§ EXERCISE DETAILS:
The full listing, written out exactly and without images, is the expected result.

§ DATA TO EXAMINE:
<<<<
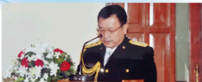
▲プカシ市警察署のプロジェクト開始7周年記念日行事で

1956年11月17日生まれ、新居浜市出身。愛媛大学工学部卒。1979年、警察官拝命。2013年、松山西警察署長。2015年、県警本部警備部長。現行政書士。妻と1女2男。趣味は料理。血液型B型。
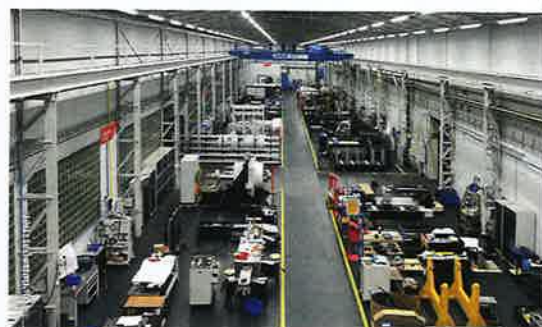
Impressionen vom Inneren der verschiedenen Hallen
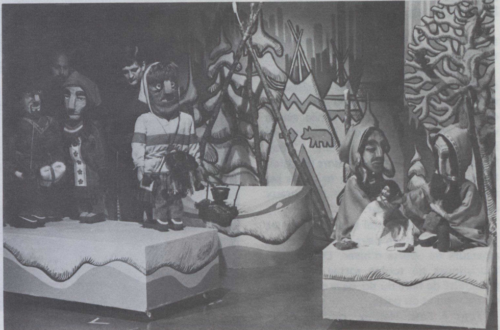
Une scène de Nico et Niski et l'étoile de Noël montée par le Cercle Molière.

Aussi à l'aise en anglais qu'en français,
>>>>
§ EXERCISE SOLUTION:
▲プカシ市警察署のプロジェクト開始7周年記念日行事で

1956年11月17日生まれ、新居浜市出身。愛媛大学工学部卒。1979年、警察官拝命。2013年、松山西警察署長。2015年、県警本部警備部長。現行政書士。妻と1女2男。趣味は料理。血液型B型。
Impressionen vom Inneren der verschiedenen Hallen
Une scène de Nico et Niski et l'étoile de Noël montée par le Cercle Molière.

Aussi à l'aise en anglais qu'en français,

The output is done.